Entries taken from a collection

--------------------------------

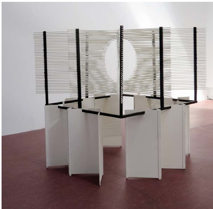
FIGURA 6. Esfera en hexaedro (Fotografía: Alejandro Castro, 2023; cortesía: MACBA).

Antes de viajar para este préstamo tuvimos que restaurar la obra, ya que había estado expuesta en un jardín y presentaba oxidación, pérdidas y suciedad. Además, era la primera vez que salía del MACBA, por lo que hubo que concebir y diseñar embalajes adecuados.
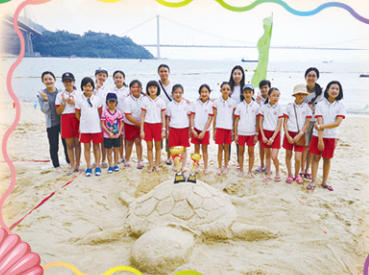
同學們由設計定稿、掌握堆沙技巧到正式比賽的兩個月裏，學習到堆沙並不只是「堆泥沙」呢！
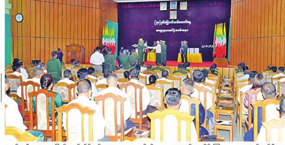
(၇၈)နှစ်မြောက် တပ်မတော်နေ့ကို ဂုဏ်ပြုကြိုဆိုသော အားဖြင့် စေတနာရှင် အလှူရှင်များက အလှူငွေများ ပေးအပ်လှူဒါန်းစဉ်။

နေပြည်တော် မတ် ၂၂ (၇၈)နှစ်မြောက် တပ်မတော်နေ့ကို ဂုဏ်ပြုကြိုဆိုသောအားဖြင့် စေတနာရှင် အလှူရှင်များက အလှူငွေများ ပေးအပ်လှူဒါန်းပွဲကို ယနေ့မနက် ၉ နာရီခွဲတွင် နေပြည်တော် စစ်ကြောင်းရေးရာဌာန ဝန်ကြီးဌာန အစိုးရအဖွဲ့အစည်း အစည်းအဝေးခန်းမ၌ ဆင်ဖြူရှင်ခန်းမ၌ ကျင်းပ
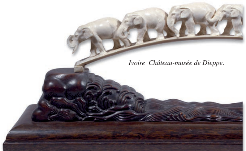
Ivoire Château-musée de Dieppe.
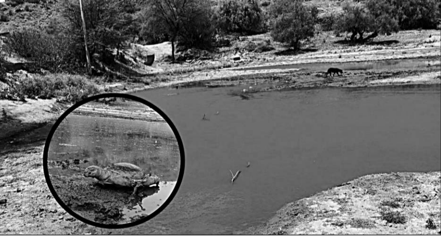
अलवर के ग्राम चौमू में स्थित घाटा एनीकट में कुछ दिनों से पानी रंग बललता दिख रहा है।
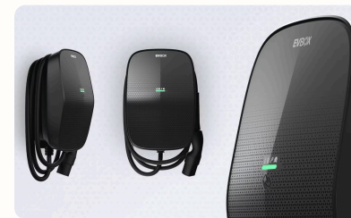
Wallbox 11 kW
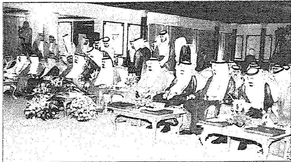
خادم الحرمين الشريفين وولي العهد يتابعان العرض المرئي لمشاريع تبوك

واكد وزير النقل ان منطقة تبوك تحظى بمشاريع طرق يجري تنفيذها حاليا يبلغ اطوالها ١٧١٠ كيلو مترات بتكلفة ١٥٠٠ مليون ريال ومنها ازدواج الجزء الواقع بمنطقة تبوك من طريق ينبع- امالج- الوجه- ضياء- شرما- البدع- الشرف- حقل- الدررة بطول ٦٦٧ كيلو متر بتكلفة ٨٧٢,٤٧٩,٨٢٢ ريالاً وتنفيذ طريق تبوك - شرما بطول ١١٨ كيلو متر وازدواج طريق تبوك- تيماء- المدينة المنورة الحالي الجزء الرابع تيماء- القلبية بطول
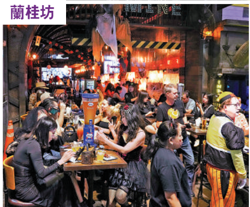
▲蘭桂坊酒吧生意好，比去年萬聖節旺場。
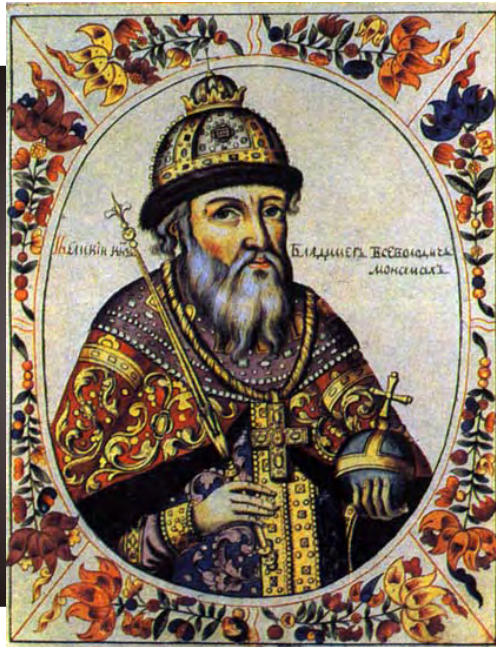
Володимир Мономах. Портрет з російського "Царского титулярника" 1672 року

Володимир Мономах був київським князем і правив Руською державою на початку XII століття.
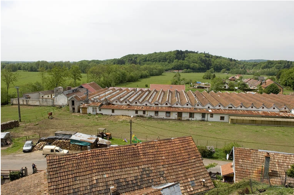
Vue plongeante depuis l'est.
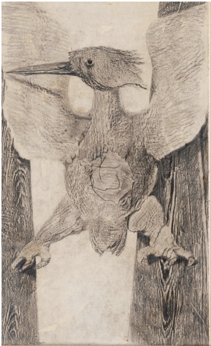
L'origine de la pendule, «Histoire naturelle», 1925.

Au-delà de la peinture de Max Ernst, « l'identité sera convulsive ou ne sera pas »
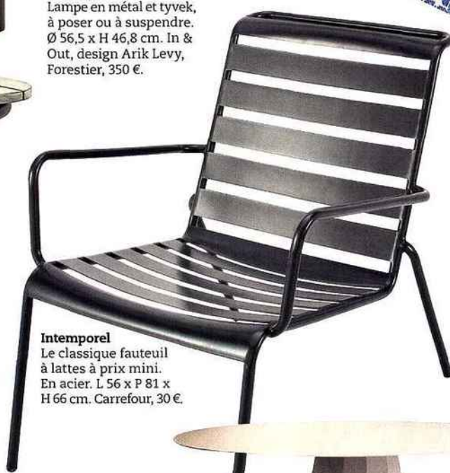
Intemporel Le classique fauteuil à lattes à prix mini. En acier. L 56 x P 81 x H 66 cm. Carrefour, 30 €.
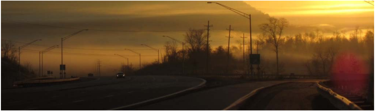
Photo : départ dans les brumes glaciales. Everett, Pennsylvanie.

Retrouvez l'album-photos "USA" en ligne sur Flickr : cliquez sur http://www.flickr.com/photos/grui_grui/sets/72157627439189259/
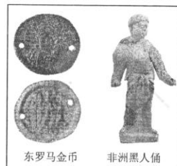
一组: 唐朝墓葬出文物
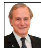
* Defensor Público de Menores e Incapaces. Vicepresidente de la AMEJN Secretario General de AIDEF
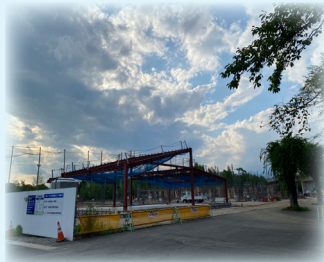
建物の柱の配筋を組んでいる様子です!!
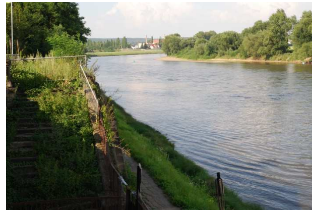
Teil des ehemaligen Weltkulturerbes „Dresdner Elbtal“
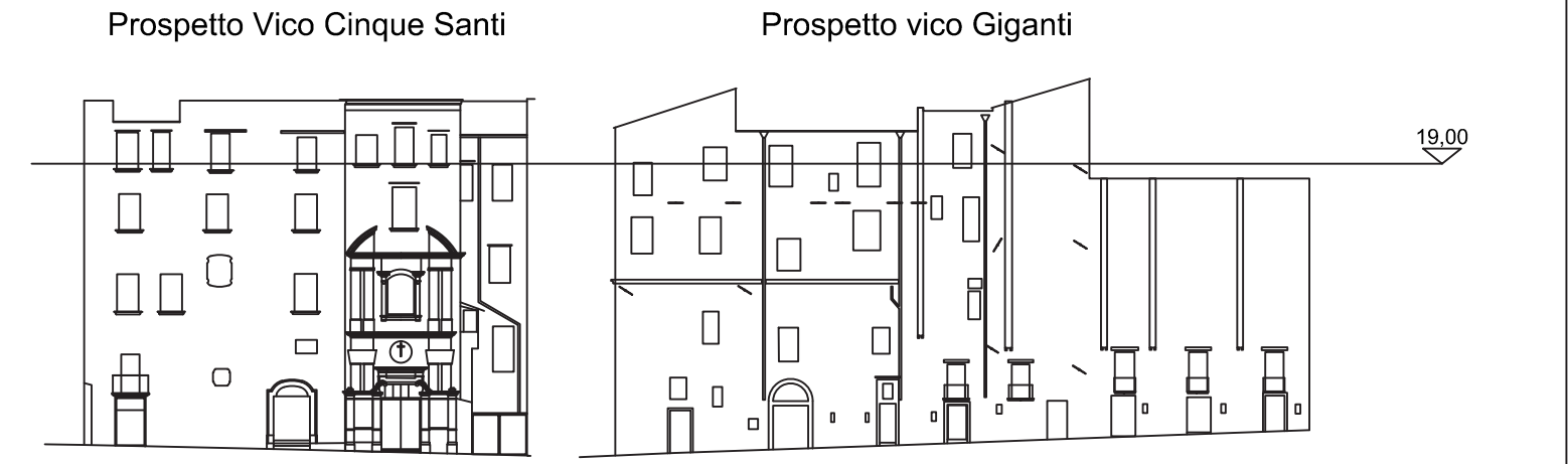
NAVIGATORE (Scala 1:500)
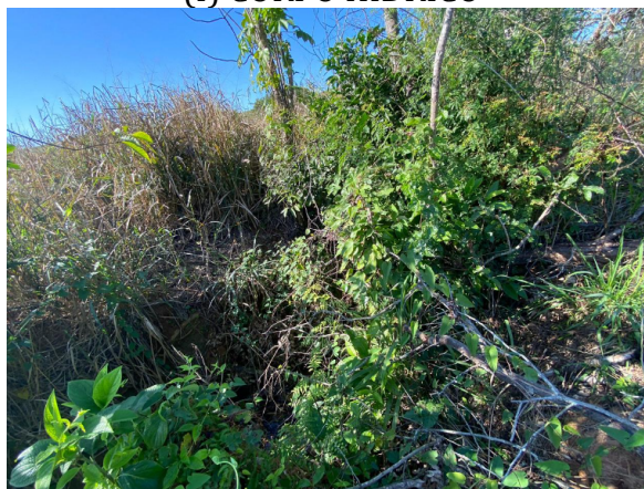
(I) CORPO HÍDRICO
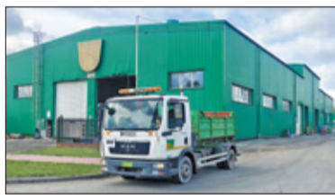
||| Pruszków - Śmierzący problem s. 4
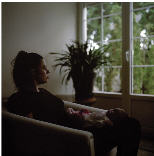
Slika 20. Blagović, Jelena, fotografija iz serije Nove samoće , 2020.

fotografija može se referirati, tematski i vizualno, na fotografsku seriju Nove samoće hrvatske fotografkinje Jelene Blagović. 55 Blagović na svojim fotografijama postavlja subjekte u interijere njihovih kućanstava (slika 20.) – spavaće sobe, dnevne boravke i kuhinje. Majke, u društvu svoje djece, uhvaćene su u sjedećem položaju, pogleda kojeg odvrćaju od kamere i usmjeravaju prema izvoru prirodnog svjetla – prozoru. Subjekti ne ulaze u komunikaciju s fotografkinjom niti se uključuju u interakciju s djecom, djeluju melankolično, odsutno i zaokupljeno mislima. Difuznim svjetlom i kontrastima svjetla i sjene autorica prikazuje svoje subjekte kao sjene, na pojedinim fotografijama naznačeni su samo obrisi figure. Na taj način autorica uspijeva prikazati subjekte u nadrealnoj i mračnoj atmosferi, izolirane i odvojene od stvarnosti. Na fotografiji Maja u dnevnom boravku pozicionirala sam subjekte unutar fotografije na isti način kao i Blagović – u interijeru kućanstva, sjedećem položaju pored izvora svjetla i bez interakcije s aparatom ili međusobno. Na taj način željela sam majčinstvo prikazati i kao iskustvo koje može biti složeno i izolirajuće, a dom kao mjesto samoće i neizvjesnosti.
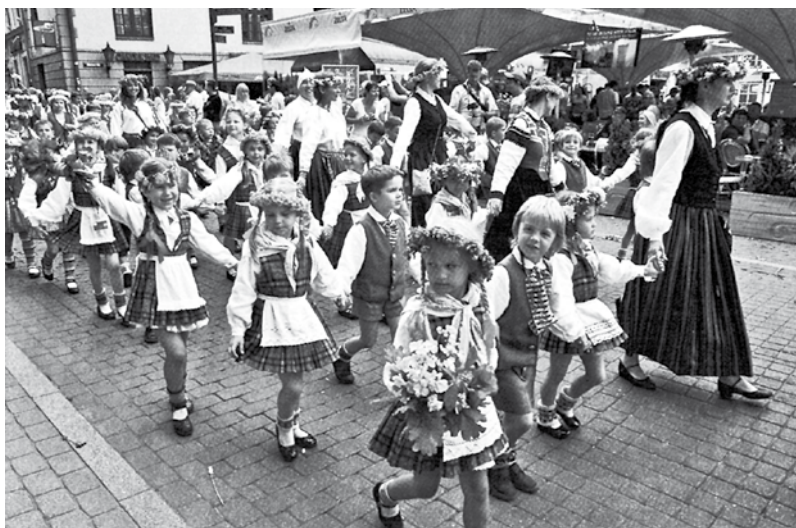
Tautas deju ansamblis „Zelta sietiņš” Dziesmu un deju svētku gājienā 2008. g.
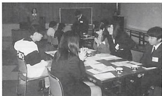
受講の皆様 グループ実習

この研修会は昨年に続き2回目の研修会ですが、当日は新人を中心に23名の参加を頂きました。

--------------------------------

Task instructions |
Show every line above in which the word "تبوك" occurs.

Your response |
خادم الحرمين الشريفين وولي العهد يتابعان العرض المرئي لمشاريع تبوك
واكد وزير النقل ان منطقة تبوك تحظى بمشاريع طرق يجري تنفيذها حاليا يبلغ اطوالها ١٧١٠ كيلو مترات بتكلفة ١٥٠٠ مليون ريال ومنها ازدواج الجزء الواقع بمنطقة تبوك من طريق ينبع- امالج- الوجه- ضياء- شرما- البدع- الشرف- حقل- الدررة بطول ٦٦٧ كيلو متر بتكلفة ٨٧٢,٤٧٩,٨٢٢ ريالاً وتنفيذ طريق تبوك - شرما بطول ١١٨ كيلو متر وازدواج طريق تبوك- تيماء- المدينة المنورة الحالي الجزء الرابع تيماء- القلبية بطول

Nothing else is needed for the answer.